Thanks @melachl - I am able to repro the regression. Sorry about that, we'll look into that right away.

@sklages - my apologies, I was checking the progress bar for simplex. I can confirm that progress bar for duplex has disappeared :(.

sklages commented 11 months ago

@sklages

as the progress bar has been removed

this is unexpected. I'm able to see the progress bar with 0.4.3. are you redirecting the stderr somewhere?

Yes, stderr is redirected. That's why I do not get the progress bar. Though I'd wish that there is some progress to see even if stderr is redirected ..

sklages commented 11 months ago

@sklages - my apologies, I was checking the progress bar for simplex. I can confirm that progress bar for duplex has disappeared :(.

Both basecallings are run in simplex (sup) mode for "benchmarking".

Duplex basecalling with current pod5 (0.3.2) and current dorado (0.4.3) is unusable for me.

tijyojwad commented 11 months ago

Yes, ack - we're able to repro and debugging it now

tijyojwad commented 11 months ago

Hi @melachl - can you try to run duplex on v0.4.1 and v0.4.2? we did some more runs and on A100, we're seeing fairly consistent performance. Can you also post what CPU and GPU you're using?

One theory for why going from 0.3.4 to 0.4.x slows down duplex for you is because we switched to using minimap2 to determine overlap for potential duplex pairs. this adds some CPU overhead, so if your CPU is a bottleneck it could show up more here.

melachl commented 11 months ago

I am using macbook pro with M1 max (CPU: 10 Cores , GPU: 32 Cores).

Currently I am sequencing so at the moment I am not able to try v0.4.1 and v0.4.2 but I will give you update as soon as I can do it.

StuartAbercrombie commented 11 months ago

Could you tell us how much memory the machine has?

It looks as if this was run with automatic batch size selection. If so, then older versions of dorado would quite possibly have had performance problems stemming from memory thrashing, even without duplex involved. 0.5.0 should do significantly better both in terms of batch size selection and the amount of memory it needs for a given batch size. That said, duplex is in general not as optimised on Apple silicon as simplex.

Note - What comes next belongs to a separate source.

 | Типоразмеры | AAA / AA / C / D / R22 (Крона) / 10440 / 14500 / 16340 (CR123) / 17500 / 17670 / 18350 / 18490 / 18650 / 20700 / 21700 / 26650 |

melachl commented 11 months ago

I have 64 GB RAM.

I was very suprised because with older dorado versions duplex basecalling worked quite well and also fast. But with the latest one there was an big performance breakdown. In future should I set the batch size to a certain value? Could you recommend to which batch size? Any other hints how to deal with duplex basecalling with apple Silicon? Is it planned to optimize duplex basecalling also for apple silicon?

StuartAbercrombie commented 11 months ago

I'm not aware of Apple silicon duplex performance regressions between the versions you've tried, so I'm not sure how to explain the disparity you saw. I think it's well worth trying 0.5.0, since it should use substantially less memory than previous versions, and excessive memory use was causing very poor performance in certain scenarios. If performance is still bad then we'll need to investigate further.

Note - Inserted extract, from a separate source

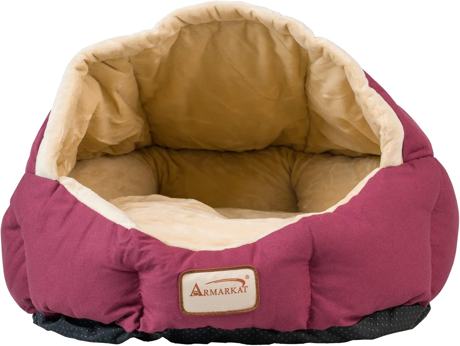 Armarkat Model C08HJH/MH pet bed features durable canvas and luxe velvet. Offered in a beige and burgundy color combo, this bed can be used by cats or extra small dogs. It has a machine washable cover and a core of extra-thick, 100% polyfill for maximum comfort. The base is waterproof and won’t skid around the house. Inside padding is machine washable. Six months manufacturer’s warranty against defects. Dimensions: 18"(L) x 14"(W) x 11"(H)

melachl commented 11 months ago

Thank you for your help! I tried the new version 0.5.0 but I get an error:

(base) melanieachleitner@MBP-von-Melanie ~ % dorado duplex hac pod5/ > calls.bam [2023-12-11 08:05:40.448] [info] > No duplex pairs file provided, pairing will be performed automatically [2023-12-11 08:05:40.560] [error] Failed to find the kernel: forward_scan_add_softmax

Can anyone help me with that?

StuartAbercrombie commented 11 months ago

That error suggests you have a mismatch between the dorado executable and the shader library it uses, default.metallib. I'd suggest a clean install, ensuring you have the version of default.metallib associated with 0.5.0, rather than one from an earlier version.